The degree of reperfusion damage is also related to the duration of ischemia, the number of leukocytes in the area, and the amount of tissue exposed to ischemia.5,6

We have reported before in an experimental study that clopidogrel reduces ischemia reperfusion damage in the skeleton muscle. It was detected in the mentioned study that clopidogrel had a positive effect in preventing reperfusion damage by affecting the malondialdehyde, superoxide dismutase (SOD), and glutathion levels.7

Clopidogrel is known to affect nitric oxide (NO) levels under various conditions. However, there is no published report on the effect of clopidogrel on the NO change occurring during the reperfusion damage.

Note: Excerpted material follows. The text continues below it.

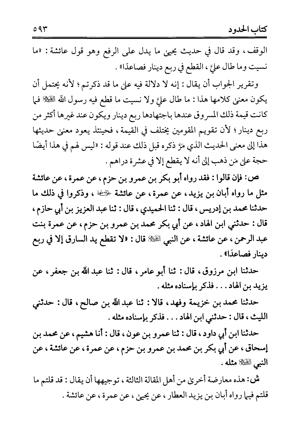 ص: فإن قالوا: فقد رواه أبو بكر بن عمرو بن حزم، عن عمرة، عن عائشة مثل ما رواه أبان بن يزيد، عن عمرة، عن عائشة - رضي الله عنها -، وذكروا في ذلك ما حدثنا محمد بن إدريس، قال: ثنا الحميدي، قال: ثنا عبد العزيز بن أبي حازم، قال: حدثني ابن الهاد، عن أبي بكر محمد بن عمرو بن حزم، عن عمرة بنت عبد الرحمن، عن عائشة، عن النبي -عليه السلام- قال: "لا تقطع يد السارق إلا في ربع دينار فصاعدًا".

This study was conducted in compliance with the guidelines of the National Institutes of Health Guidelines of Care and Use of Laboratory Animals, and approved by the Ethic Committee of Kocaeli University School of Medicine. Male adult Sprague-Dawley rats (250 to 300 g) were used in the study (n = 30). The rats were divided into 3 groups: Control group consisted of rats which were anesthetized with ketamine (n = 10); in ischemia group, the rats were reperfused for 4 hours after ischemia for 6 hours (n = 10) and, in clopidogrel-pretreated group, the rats were pretreated with clopidogrel (Plavix, Sanofi-Synthelabo, Istanbul; Turkey; 0.2 mg/kg/d) for 10 days before ischemia-reperfusion (n = 10). Clopidogrel was administered to the animals via a nasogastric tube. On the eleventh day, circulation of right lower extremity of the animals in groups 2 and 3 was blocked at trochanter major level. Blockade of circulation was confirmed with Doppler ultrasonography (MD 2, Huntleigh Diagnostic Comp, NJ). This method has been shown previously to reduce the blood flow approximately 98% and lead to acute ischemia. After 6 hours of ischemia, the extremity was reperfused for 4 hours. Then, all rats were anesthetized with ketamine (100 mg/kg; Ketalar, Pfizer, Istanbul, Turkey). Blood samples (5 mL) were drawn from the heart and ascending aorta after midsternotomy. Tissue samples were taken from gastrocnemius muscle, liver, and lungs. NO levels were measured in blood and tissue samples.

Biochemical Assays

Tissues were washed in 0.9% NaCl and kept in ice. Tissues were homogenized with cold Tris/HCl buffer (pH 7.4) to make a 10% homogenate (wt/vol). The total of NO-metabolites nitrate (after reduction to nitrite by cadmium granules) + nitrite was assayed colorimetrically using the Griess reaction as described previously. The Griess reagent consists of sulfanilamide and N-(1-naphthyl)ethylenediamine. The method is based on a 2-step process. The first step is the conversion of nitrate to nitrite using nitrate reductase. The second step is the addition of Griess reagent, which converts nitrite into a deep-purple azo compound; photometric measurement of the absorbance at 540 nm due to this azochromophore accurately determines the nitrite concentration (sodium nitrate is used as a standard). Protein interference was eliminated by treatment of the reacted samples with zinc sulfate and centrifugation for 5 minutes at 10,000 g. The results were expressed as μmol/100 mg protein.8

Statistical Analysis

The NO values in 4 different tissues were numerically measured and recorded. Their median, minimum, and maximum values were calculated. To make comparisons between the groups, Kruskall-Wallis analysis of variance was used. On finding statistically significant differences, Bonferroni corrected pair-wise comparisons using Mann-Whitney U test were conducted. Values of P < 0.05 were considered statistically significant. SPSS version 11.5 was used for statistical analysis (Table 1).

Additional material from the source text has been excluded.